7.3. Google Cloud Dataproc

  • Managed Apache Hadoop and Apache Spark cluster environments.
  • Automated cluster management.
  • Clusters can be quickly created and resized from three to hundreds of node.
  • Move existing Big Data projects to GCP without redevelopment.
  • Frequent updates to Spark, Hadoop, Pig, and Hive and other components of the Apache ecosystem.
  • Integrates with other GCP services like Cloud Dataflow and BigQuery

In the Dataproc sync pipeline, data enters through Pub/Sub, gets transformed through Dataflow, and gets processed with Dataproc. Typically in the form of a map reduce job, retain for Apache Hadoop or Apache Spark. And the output of Dataproc can be stored in Big Query, or it can go to Google cloud storage.

7.4. Google Cloud DataLab

  • Interactive tool for data exploration, analysis, visualization, and machine learning.
  • Runs on Compute Engine and may connect to multiple cloud services.
  • Built on open source Jupyter Notebooks platform.
  • Enables analysis data coming from BigQuery, Cloud ML Engine, and Cloud Storage.
  • Supports Python, SQL, and JavaScript languages.

7.5. BigQuery

  • Serverless, scalable cloud data warehouse.:  Google BigQuery is one of the early analytic services that got added to GCP. It's a very powerful, very popular service used by Enterprise customers to analyze data.
  • Has an in-memory BI Engine and machine learning built in, so as you query data from BigQuery you can apply machine learning algorithms that can perform predictive analytics right out of the box.
  • Supports standard ANSI:2011 SQL dialect for querying. You don't need to learn new languages your domain specific languages to deal with BigQuery. You can use familiar SQL queries that support inner joins, outer joins, group by clauses and WHERE clauses to extract data and to analyze from existing data stores.
  • Federated queries can process external data sources. BigQuery can pull the data from all of these sources and can perform one single query that will automatically join and do group by clauses so you get a unified view of the dataset:
    • Cloud Storage.
    • Cloud Bigtable.
    • Spreadsheets (Google Drive).
  • Automatically replicates data to keep a seven-day history of changes.
  • Supports data integration tools like Informatica and Talend.

Case use

Open BigQuery and open a public dataset. Select Stack Overflow.
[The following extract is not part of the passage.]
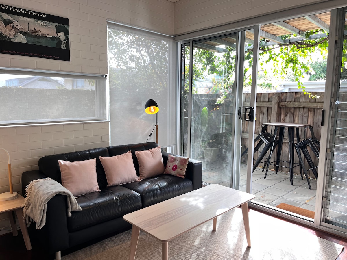 Apartamento privado contemporáneo, bellamente decorado, situado frente a una tranquila propiedad de Cottesloe. Tu propia entrada y sin instalaciones compartidas. A 10 minutos a pie de la playa de Cottesloe, la estación de tren y las tiendas locales. 1 dormitorio, cama tamaño king, TV inteligente, vestidor y baño privado. Cocina totalmente equipada separada y un salón/comedor, con un pequeño patio y barbacoa. Aire acondicionado de ciclo inverso en todo este espacioso apartamento. Ofrecemos tarifas de descuento semanales y mensuales. Estacionamiento gratuito para 1 auto.

We will try to extract the number of users in Stack Overflow with gold badges and how many days it took them to get there.

# Run the below SQL statement in BigQuery 

SELECT badge_name AS First_Gold_Badge,  
       COUNT(1) AS Num_Users, 
       ROUND(AVG(tenure_in_days)) AS Avg_Num_Days 
FROM 
( 
  SELECT  
    badges.user_id AS user_id, 
    badges.name AS badge_name, 
    TIMESTAMP_DIFF(badges.date, users.creation_date, DAY) AS tenure_in_days, 
    ROW_NUMBER() OVER (PARTITION BY badges.user_id 
                       ORDER BY badges.date) AS row_number 
  FROM  
    `bigquery-public-data.stackoverflow.badges` badges 
  JOIN 
    `bigquery-public-data.stackoverflow.users` users 
  ON badges.user_id = users.id 
  WHERE badges.class = 1  
)  
WHERE row_number = 1 
GROUP BY First_Gold_Badge 
ORDER BY Num_Users DESC 
LIMIT 10 

8. AI and ML Services

  • AI Building Blocks provide AI through simple REST API calls.
  • Cloud AutoML enables training models on custom datasets.
  • AI Platform provides end-to-end ML pipelines on-premises and cloud.
  • AI Hub is a Google hosted repository to discover, share, and deploy ML models.
  • Google Cloud Platform offers comprehensive set of ML & AI services for beginners and advanced AI engineers.

GCP AI and ML Services

8.1. AI Building Blocks

GCP Building blocks

GCP AI building blocks expose a set of APIs that can deliver AI capabilities without really training models or writing complex piece of code. So GCP AI building blocks are structured into: - Sight, that delivers vision and video based intelligence. - Conversation, which is all about text to speech and speech to text. It also includes dialogue flow, which is powering some of the capabilities that we see in Google Home, Google Assistant, and other conversational user experiences. - Language which is all about translation and natural language which deals with revealing the structure and meaning of text through machine learning. - Structure data that can be used to perform regression, classification, and prediction. - AutoML tables is a service that is meant for performing regression or classification on your structured data. - Recommendations AI deliver personalized product recommendations at scale. - Cloud Inference API is all about running large scale correlations over time series data sets.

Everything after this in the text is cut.